His professional media experience began in 1943 as a reporter for the Mid Pacifican Edition of the Stars and Stripes. From 1945 to 1947, he worked as a reporter for the Honolulu Star-Bulletin. In 1947, he became director of public relations for Carthage College, where he also was a professor.
His arrival in DeKalb came after several years in Ohio and Pennsylvania, which he spent as university editor and director of the University Press at Bowling Green State University, assistant to the president for public relations at Dickinson College and director of public relations at the University of Akron.
With the assistance of members of the Chicago chapter of the Public Relations Society of America, Walker developed the curriculum for NIU’s public relations sequence.
From his earliest days at NIU, Walker brought professional public relations directors into his classroom, both in person and via “tele-lectures” where their voices were heard over speaker phones with amplifiers attached.
“The lecturers give 20-minute presentations describing their organizations,” Walker said in a 1970 press release from the NIU News Bureau. “They speak about the PR mission and give information about their personal activities, describing a typical day in their job.”
In 1973, he launched an extension program in public relations for professional development in the Chicago area. In only its first two years, 200 students attained advanced degrees in journalism.
During the summer of 1974, Walker took that group to Honolulu for an intensive, three-week summer session course that examined the public relations implications of problems peculiar to the Hawaiian capital, including ethnic minorities, tourism, inflation and import-export.
(In 1981, he taught “Public Relations – Jamaica,” which concentrated on the PR practices of multi-national corporations in their governmental and community relations and in the promotion of tourism.)
By January of 1975, he developed another off-campus master’s degree program. Held in Barrington, the classes were primarily for school-based public relations professionals but open to all students with bachelor’s degrees.
Walker received the Distinguished Educator Award from the Public Relations Society of America in 1976.

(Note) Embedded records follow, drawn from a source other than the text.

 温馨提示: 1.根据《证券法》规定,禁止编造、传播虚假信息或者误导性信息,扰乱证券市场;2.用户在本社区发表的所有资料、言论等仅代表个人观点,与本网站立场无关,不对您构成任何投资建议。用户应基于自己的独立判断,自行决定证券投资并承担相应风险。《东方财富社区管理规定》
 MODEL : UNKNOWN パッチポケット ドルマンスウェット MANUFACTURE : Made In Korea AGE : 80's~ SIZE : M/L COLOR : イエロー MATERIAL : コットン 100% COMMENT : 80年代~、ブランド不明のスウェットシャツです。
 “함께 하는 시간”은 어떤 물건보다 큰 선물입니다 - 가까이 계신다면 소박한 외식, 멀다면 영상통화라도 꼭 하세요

A decade later, Walker was the researcher and author of the first formal report documenting the body of publication relations knowledge in the United States. The Foundation for Public Relations Research and Education produced the report, released in 1988.
“Finally, we have a document which will silence the skeptics who say that public relations is not a profession and has no defined body of knowledge,” said Frank T. LeBart, the group’s 1987 president. “Our study shows conclusively that the knowledge exists and where it can be found.”

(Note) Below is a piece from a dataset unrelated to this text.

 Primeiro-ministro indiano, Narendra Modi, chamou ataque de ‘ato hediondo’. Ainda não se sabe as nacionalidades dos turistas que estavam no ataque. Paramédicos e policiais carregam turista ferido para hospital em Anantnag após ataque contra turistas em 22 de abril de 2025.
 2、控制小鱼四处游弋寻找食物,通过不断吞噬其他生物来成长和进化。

In 2004, NIU alumni Robert Kornecki and Chuck Merydith worked in conjunction with the NIU Department of Communication to develop the Emeritus Professor Al Walker Visiting Professionals Fund.
“Over the course of his teaching career, Dr. Walker made a lasting impression on hundreds of PR students,” Kornecki said at that time, “not only for what he taught us in the classroom, but for what he exposed us to in the professional world.”